Книга На маяк - Вирджиния Вульф
Шрифт:
Интервал:
Закладка:
Но мертвые, подумала Лили, наткнувшись на помеху в работе, остановясь, призадумавшись, отступая на шаг-другой. Ох эти мертвые! – пробормотала она. Их жалеешь, их отметаешь, их даже презираешь чуть-чуть. Они отданы нам на милость. Миссис Рэмзи поблекла, истаяла. Мы можем плевать на ее желанья, разбивать ограниченные, старомодные взгляды, пока от них ничего не останется. Она все дальше и дальше от нас отходит. Там, в конце долгого коридора лет, сидит, смешная, и о чем же толкует? «Замуж, замуж!» (Очень прямо сидит, и утро уже, и птицы в саду за окном начинают чирикать.) А ведь можно ответить: «Все не по-вашему вышло. Они так нашли свое счастье; я – так. Жизнь теперь уж не та». И вся она, со всей своей красотой, вдруг показалась стародавней и пыльной.
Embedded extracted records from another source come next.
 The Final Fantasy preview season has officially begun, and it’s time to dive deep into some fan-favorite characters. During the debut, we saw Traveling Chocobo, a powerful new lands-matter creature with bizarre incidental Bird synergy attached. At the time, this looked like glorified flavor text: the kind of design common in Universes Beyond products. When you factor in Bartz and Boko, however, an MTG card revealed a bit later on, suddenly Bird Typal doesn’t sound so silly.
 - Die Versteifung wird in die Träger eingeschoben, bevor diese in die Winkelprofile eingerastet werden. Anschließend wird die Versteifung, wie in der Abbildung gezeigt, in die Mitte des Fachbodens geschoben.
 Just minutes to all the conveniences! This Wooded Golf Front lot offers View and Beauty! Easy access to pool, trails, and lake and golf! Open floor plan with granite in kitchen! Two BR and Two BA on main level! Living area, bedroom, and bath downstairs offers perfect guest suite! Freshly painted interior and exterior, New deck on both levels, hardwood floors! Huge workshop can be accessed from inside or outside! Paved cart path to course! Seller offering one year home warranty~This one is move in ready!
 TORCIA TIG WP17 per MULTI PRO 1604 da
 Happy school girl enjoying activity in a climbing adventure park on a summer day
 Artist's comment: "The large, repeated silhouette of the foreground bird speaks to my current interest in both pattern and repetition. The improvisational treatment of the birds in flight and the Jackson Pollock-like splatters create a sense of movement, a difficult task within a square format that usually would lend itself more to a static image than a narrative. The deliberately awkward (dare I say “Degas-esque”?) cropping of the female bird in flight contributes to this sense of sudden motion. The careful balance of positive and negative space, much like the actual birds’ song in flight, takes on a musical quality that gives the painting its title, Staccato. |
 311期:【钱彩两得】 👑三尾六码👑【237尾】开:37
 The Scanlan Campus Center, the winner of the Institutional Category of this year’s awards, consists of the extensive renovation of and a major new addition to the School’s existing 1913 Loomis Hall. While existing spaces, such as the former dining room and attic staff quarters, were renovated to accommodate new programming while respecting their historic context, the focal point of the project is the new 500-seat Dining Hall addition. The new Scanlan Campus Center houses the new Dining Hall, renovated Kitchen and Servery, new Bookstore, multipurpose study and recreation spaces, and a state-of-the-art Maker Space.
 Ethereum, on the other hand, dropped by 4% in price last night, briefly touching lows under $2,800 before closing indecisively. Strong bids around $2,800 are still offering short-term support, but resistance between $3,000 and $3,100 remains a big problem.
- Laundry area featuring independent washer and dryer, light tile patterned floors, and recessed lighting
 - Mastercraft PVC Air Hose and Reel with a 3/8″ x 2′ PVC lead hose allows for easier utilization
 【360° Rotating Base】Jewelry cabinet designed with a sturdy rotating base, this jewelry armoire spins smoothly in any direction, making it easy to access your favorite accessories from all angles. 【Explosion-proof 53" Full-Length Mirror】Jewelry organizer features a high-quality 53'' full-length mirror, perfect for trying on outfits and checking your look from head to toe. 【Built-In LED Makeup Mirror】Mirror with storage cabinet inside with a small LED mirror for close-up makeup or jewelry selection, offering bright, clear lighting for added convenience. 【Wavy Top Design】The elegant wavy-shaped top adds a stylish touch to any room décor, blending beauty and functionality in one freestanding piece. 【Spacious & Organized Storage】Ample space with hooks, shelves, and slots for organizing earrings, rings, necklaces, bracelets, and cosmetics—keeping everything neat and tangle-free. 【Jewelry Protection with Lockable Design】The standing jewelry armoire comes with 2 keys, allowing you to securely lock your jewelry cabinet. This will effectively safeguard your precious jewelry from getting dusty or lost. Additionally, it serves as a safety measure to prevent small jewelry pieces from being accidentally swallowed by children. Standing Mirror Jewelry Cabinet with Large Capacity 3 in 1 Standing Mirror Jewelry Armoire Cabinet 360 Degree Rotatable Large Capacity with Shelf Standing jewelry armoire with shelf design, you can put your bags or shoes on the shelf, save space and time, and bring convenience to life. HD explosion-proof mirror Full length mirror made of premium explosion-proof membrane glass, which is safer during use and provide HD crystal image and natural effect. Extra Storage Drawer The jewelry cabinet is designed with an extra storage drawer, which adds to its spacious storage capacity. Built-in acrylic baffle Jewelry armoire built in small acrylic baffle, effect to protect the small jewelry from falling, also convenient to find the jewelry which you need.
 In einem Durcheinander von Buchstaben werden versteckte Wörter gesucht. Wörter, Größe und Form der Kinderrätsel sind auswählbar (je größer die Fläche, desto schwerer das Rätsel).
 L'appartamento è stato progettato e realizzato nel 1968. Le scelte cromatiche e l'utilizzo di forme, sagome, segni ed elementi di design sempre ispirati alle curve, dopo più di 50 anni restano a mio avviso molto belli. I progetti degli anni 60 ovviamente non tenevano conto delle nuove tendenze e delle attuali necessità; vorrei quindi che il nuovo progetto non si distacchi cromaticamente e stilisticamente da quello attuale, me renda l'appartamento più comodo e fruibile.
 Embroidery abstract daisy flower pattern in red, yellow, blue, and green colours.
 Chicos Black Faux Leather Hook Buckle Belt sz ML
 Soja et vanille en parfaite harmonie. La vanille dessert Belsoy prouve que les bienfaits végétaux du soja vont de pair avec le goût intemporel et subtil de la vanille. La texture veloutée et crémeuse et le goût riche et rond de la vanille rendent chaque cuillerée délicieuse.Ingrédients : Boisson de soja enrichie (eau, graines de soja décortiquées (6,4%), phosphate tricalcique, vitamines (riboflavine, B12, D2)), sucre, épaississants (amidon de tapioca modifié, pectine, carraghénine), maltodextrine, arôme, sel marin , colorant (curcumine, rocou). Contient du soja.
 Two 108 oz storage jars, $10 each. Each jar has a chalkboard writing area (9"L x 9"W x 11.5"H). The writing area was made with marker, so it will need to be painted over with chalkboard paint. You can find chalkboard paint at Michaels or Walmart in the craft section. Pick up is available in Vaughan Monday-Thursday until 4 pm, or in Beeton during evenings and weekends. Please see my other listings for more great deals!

Подводя итог судьбе Рэйли, стоя на припеке, Лили вдруг почувствовала свое преимущество перед миссис Рэмзи, которой никогда не узнать, что Пол играет в шахматы по кофейням и завел любовницу; и как он сидел на обочине, а Минта подавала ему инструмент; а сама она вот стоит на лужке у мольберта и вовсе не вышла замуж, даже за Уильяма Бэнкса.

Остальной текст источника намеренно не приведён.